++++ Data for the task
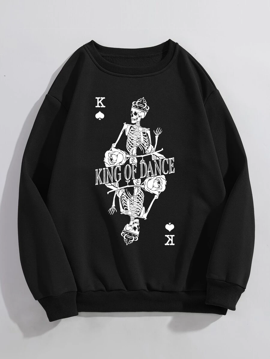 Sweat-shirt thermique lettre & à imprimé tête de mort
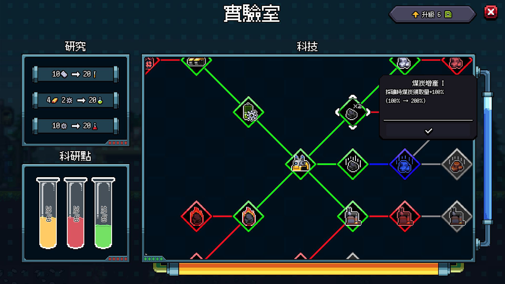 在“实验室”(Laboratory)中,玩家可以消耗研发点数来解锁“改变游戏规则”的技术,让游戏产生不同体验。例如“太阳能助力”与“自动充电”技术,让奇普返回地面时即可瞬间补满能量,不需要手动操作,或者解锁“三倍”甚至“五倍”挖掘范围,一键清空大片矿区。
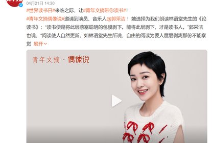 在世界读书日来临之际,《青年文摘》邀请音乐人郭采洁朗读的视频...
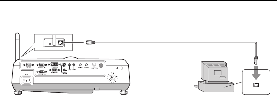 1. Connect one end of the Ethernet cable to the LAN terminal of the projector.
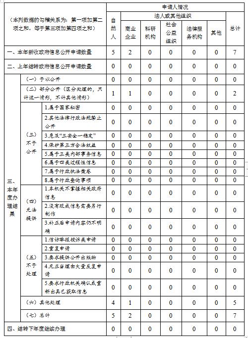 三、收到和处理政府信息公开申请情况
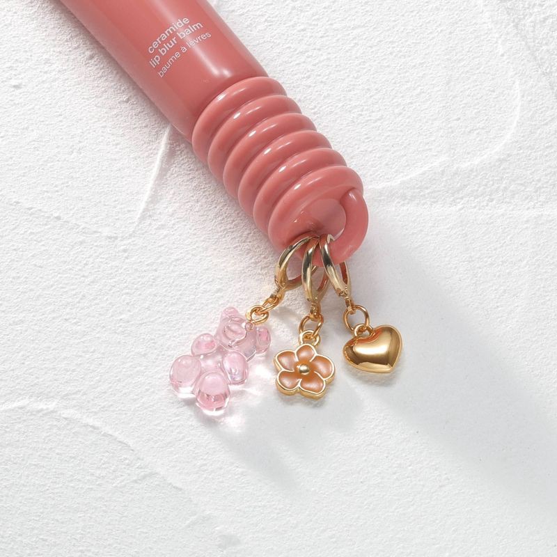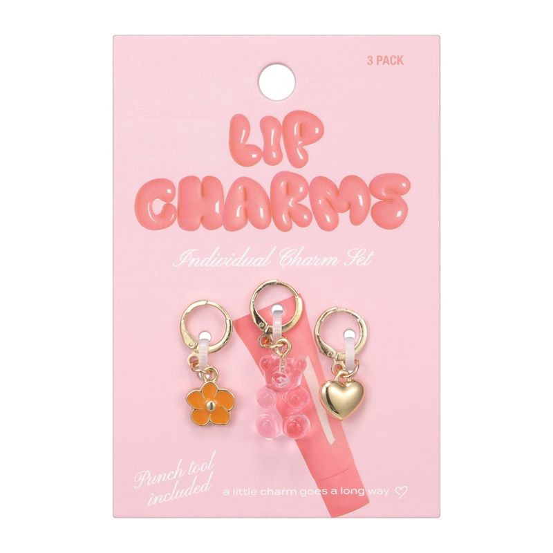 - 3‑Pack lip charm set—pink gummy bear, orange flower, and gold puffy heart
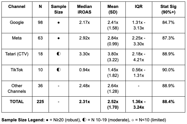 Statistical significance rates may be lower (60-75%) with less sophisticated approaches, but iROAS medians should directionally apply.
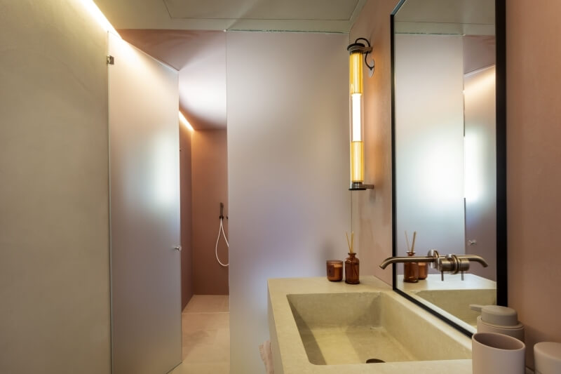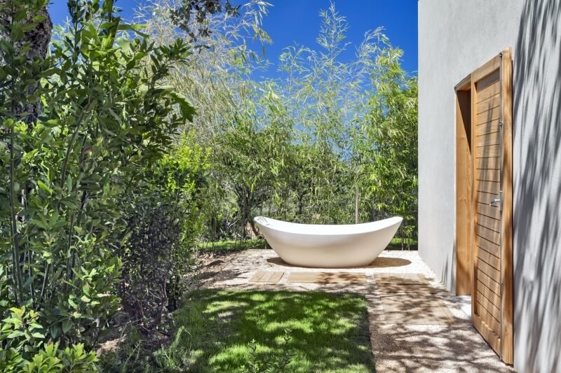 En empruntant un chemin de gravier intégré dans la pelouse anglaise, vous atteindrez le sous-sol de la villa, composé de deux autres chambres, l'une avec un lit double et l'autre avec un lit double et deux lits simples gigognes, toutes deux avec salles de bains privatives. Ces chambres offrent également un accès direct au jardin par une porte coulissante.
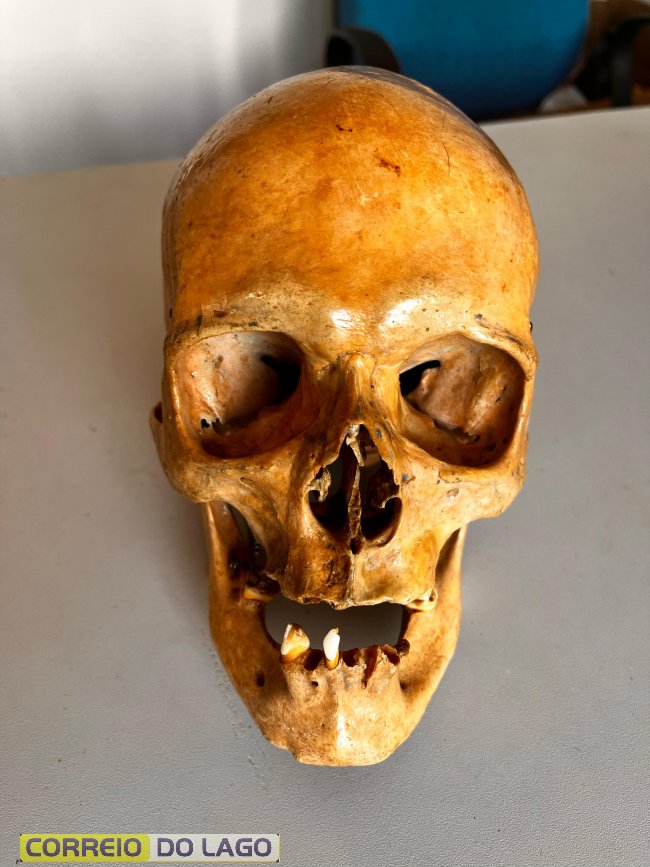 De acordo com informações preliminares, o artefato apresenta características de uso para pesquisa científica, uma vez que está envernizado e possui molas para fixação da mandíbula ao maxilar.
++++++++
§ **Exercise**
Only the lines from the top of the material through the line containing "Statistical significance rates" should be written out, exactly and without pictures.

§ **Answer to the exercise**
 Sweat-shirt thermique lettre & à imprimé tête de mort
 在“实验室”(Laboratory)中,玩家可以消耗研发点数来解锁“改变游戏规则”的技术,让游戏产生不同体验。例如“太阳能助力”与“自动充电”技术,让奇普返回地面时即可瞬间补满能量,不需要手动操作,或者解锁“三倍”甚至“五倍”挖掘范围,一键清空大片矿区。
 在世界读书日来临之际,《青年文摘》邀请音乐人郭采洁朗读的视频...
 1. Connect one end of the Ethernet cable to the LAN terminal of the projector.
 三、收到和处理政府信息公开申请情况
 - 3‑Pack lip charm set—pink gummy bear, orange flower, and gold puffy heart
 Statistical significance rates may be lower (60-75%) with less sophisticated approaches, but iROAS medians should directionally apply.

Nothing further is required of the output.